La constitution de Carthage selon Aristote

Ce chapitre, qui paraît à certains nettement plus récent que les précédents, ne suit pas la même ligne que les développements sur Lacédémone et la Crète, mais reprend en partie le plan énoncé au début du chapitre IX et, sans se préoccuper de l'aspect social, examine, d'une façon plus précise, les problèmes juridiques et politiques que pose le régime carthaginois. Cette constitution de Carthage, supérieure à d'autres sur bien des points, à plusieurs traits de ressemblance avec celle de Lacédémone : repas en commun, magistrature des Cent quatre, gérontes, rois. Malgré une classe populaire nombreuse, Carthage reste attachée à son gouvernement, et c'est la preuve d'une bonne constitution. Carthage, à en juger d'après son principe de base, semble une aristocratie qui incline tantôt vers la démocratie, tantôt vers l'oligarchie. Sont démocratiques les prérogatives de l'Assemblée –qui a pouvoir souverain de décision, lorsque rois et gérontes ne sont pas d'accord- et le droit de parole accordé à tout citoyen. Sont aristocratiques le non-payement des magistrats et leur compétence générale en matière judiciaire ; son oligarchiques au contraire le recrutement des pentarchies par cooptation, le choix des Cent quatre par les pentarchies, la longue durée du pouvoir des Cent, la gratuité des magistratures, le choix par élection et la compétence universelle des différents corps de magistrats. Le trait oligarchique le plus marquant est le fait qu'on a égard non seulement au mérite, mais aussi à la fortune pour le choix des magistrats, surtout les plus élevés : rois et généraux.

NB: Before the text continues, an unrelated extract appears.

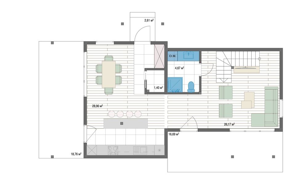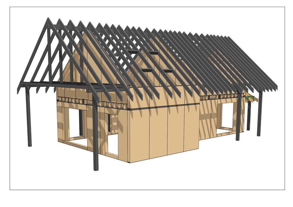 1. Стіни СІП- панелі 170мм(15мм ОСБ Egger - 140мм пінополістирол - 15мм ОСБ Egger);

Cette vénalité des charges est pleine de danger : il ne peut y avoir de constitution de ce genre vraiment solide, là où la vertu n'est pas prisée au-dessus de tout : comme le gouvernement par son attitude détermine l'opinion des autres citoyens, la cité entière devient avide d'argent. Le cumul des fonctions est un autre vice de cette constitution ; quand la cité n'est pas trop petite, c'est une erreur de permettre qu'une même personne tienne plusieurs emplois différents. Le gouvernement de Carthage remédie aux inconvénients de cette tendance oligarchique : pour prévenir le mécontentement du peuple, il envoie successivement diverses parties de la classe populaire s'enrichir dans les villes sujettes ; mais ce n'est que l'effet du hasard et les lois actuelles, en cas de révolte ou d'invasion, seraient impuissantes à maintenir la paix intérieure.

ARISTOTE, Politique, Livre I et II, texte établi et traduit par Jean Aubonnet, Paris, Les Belles Lettres, 1960, p. 49-50.